In their widest context, you will encounter accounting standards at all levels of a business. They are likely to start with standards of reporting and presentation within a company to ensure that the information gathered about the company’s affairs meets the needs of the company and the information is consistent. At the other end of the scale, you will encounter international accounting standards such as IFRS (International Financial Reporting Standards) and/or GAAP (Generally Accepted Accounting Principles). These accounting standards have been prepared to meet the needs of the international financial industry for standardised accounting reporting that can be relied on for uniform presentation of information.

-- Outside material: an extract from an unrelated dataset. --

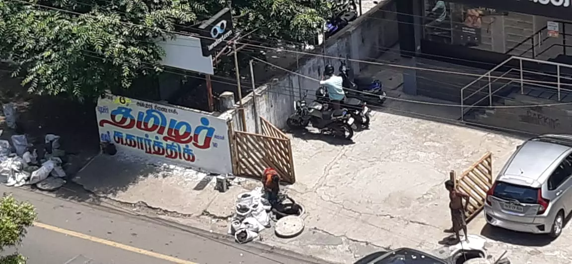 சென்னை ராதாகிருஷ்ணன் சாலையில் உள்ள பாதாள சாக்கடையை மனிதர்கள் உள்ளே இறங்கி சுத்தம் செய்து வருகிறார்கள். பாதாள சாக்கடையை சுத்தம் செய்ய மனிதர்களை பயன்படுத்தக்கூடாது என்று உயர் நீதிமன்றம் ஆணையிட்டும் இது போன்ற அவலங்கள் இன்னும் நடந்தேறி கொண்டுதான் இருக்கிறது. மீண்டும் உயிர் சேதம் ஏற்பட்டால் தான் இந்த நிலை மாறுமோ!

The GAAP accounting standards have been largely developed within the United States while the IFRS accounting standards are more European based. There is an increasing tendency for IFRS to be the more commonly used accounting standard.
In between you will encounter accounting standards developed by individual countries which have been designed for more restricted jurisdictions. However, increasingly most countries are now requiring or adopting either GAAP or IFRS as the accounting standards to be used for reporting company results.
As a general rule, each country has its own agency or agencies which are responsible for approving accounting standards. These agencies are established by statute and therefore their determinations are law in their respective countries. For instance, in the US it is the responsibility of the Financial Accounting Standards Board, while in the UK it is the responsibility of the Financial Reporting Council comprising six agencies. In Australia it is the responsibility of the Australian Accounting Standards Board, and in New Zealand it is the responsibility of the External Reporting Board.
Why do accounting standards matter?
In the increasingly sophisticated and internationalised financial industry, investment across countries is becoming commonplace. It is therefore essential for the coherence of the industry that analysts and investors can rely on financial reports to be consistent and accurate. This requires that the accounting treatment of all activities is well understood and reported in the same manner. A simple example of this is the treatment of the valuation of fixed assets which frequently comprise a large component of a business’ value. It is essential that financial analysts can rely on the basis of valuation for two (or more) alternative investments as having been made on a comparable basis.
Reliability of valuations and valuation methodologies are no less important for local investors where there have been classic examples of overstated asset valuations in past times.